Last edited: Jun 3, 2004
14. Jun 5, 2004

### davilla

There should be a pattern. The more interesting is the constructive proof of the formula.

That's it.

15. Jun 5, 2004

### Gokul43201

Staff Emeritus
So you refuse to throw in a hint ?

16. Jun 5, 2004

### Gokul43201

Staff Emeritus
WAIT...I'm getting somewhere...don't say anything yet...the clouds appear to be parting...tried neighbors...found pattern...looked at odds...found another pattern...went to n,n+3...found pattern there too...seeing pattern between patterns...could it be...better check...

17. Jun 5, 2004

### Gokul43201

Staff Emeritus
Solutions : relatively prime pairs among

$$2^x + 1, 2^{12-x} +1 ; x=1,2,3,4,5$$

i.e. (3,2049) (5,1025) (9,513) (17,257) (33,129)

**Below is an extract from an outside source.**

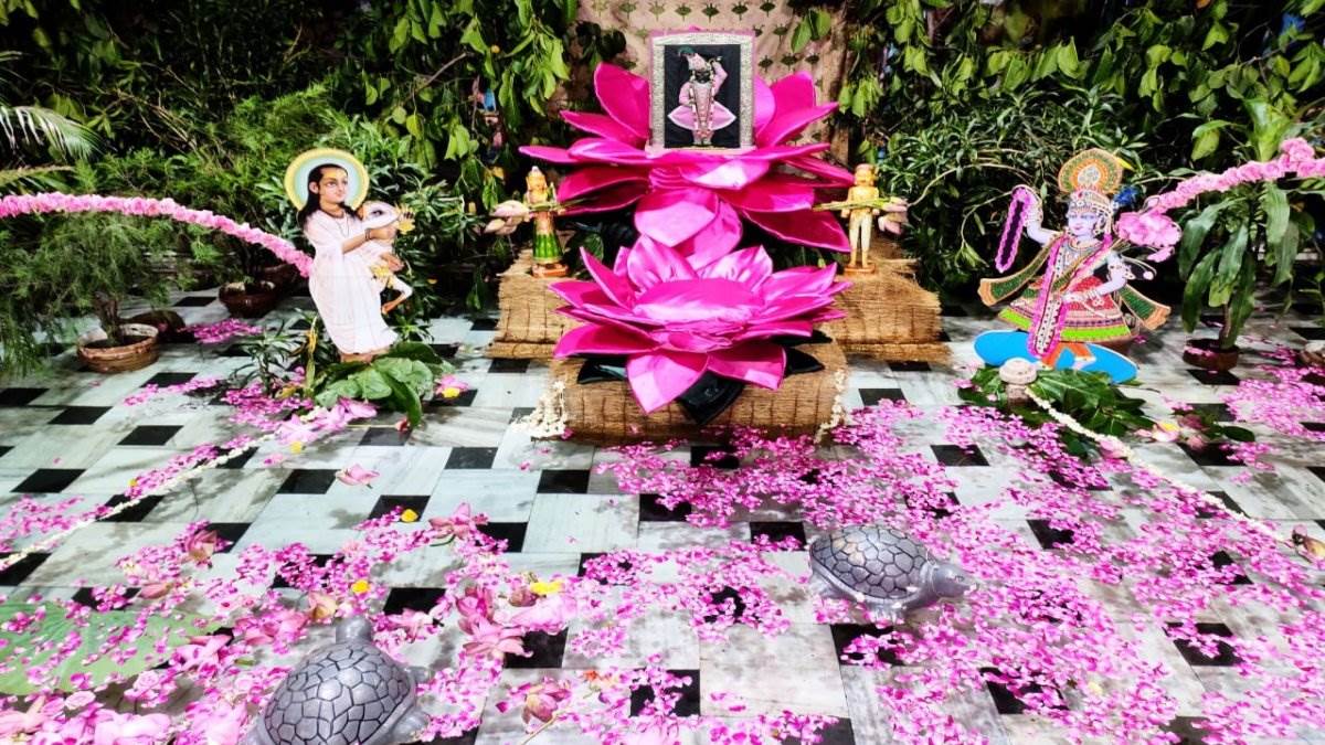 मंदिर के मुखिया श्रीकांत शर्मा ने बताया कि मोगरे व कमल से बनी हुई कुंज में विराजमान होकर प्रभु ने दर्शन दिए। प्रभु के साथ श्री यमुना जी एवं श्री महाप्रभुजी ने भी विराजमान होकर भी दर्शन दिए। कमल से बने इत्र का छिड़काव भी किया गया। इस अवसर पर बड़ी संख्या में श्रद्धालु मंदिर पहुंचे और भगवान की इस मनोरम छवि के दर्शन का आनंद लिया।

Only last 2 pairs survive : 17,257 and 33,129

PS : With tracks of length m,n (relatively prime) the number of unbuildable lengths is :

$$N = (n-1)(m-1)/2$$

Last edited: Jun 5, 2004
18. Jun 11, 2004

### davilla

The formula is correct. I can't believe that, in coming up with the problem, I subtracted one from the factors of 2^blah instead of adding one. You may have found two solutions instead of the lone one I had expected, but thankfully it turns out there is some solution after all.

19. Jun 11, 2004

### Gokul43201

Staff Emeritus
Do you have a proof for why this is true ? I'd love to see it.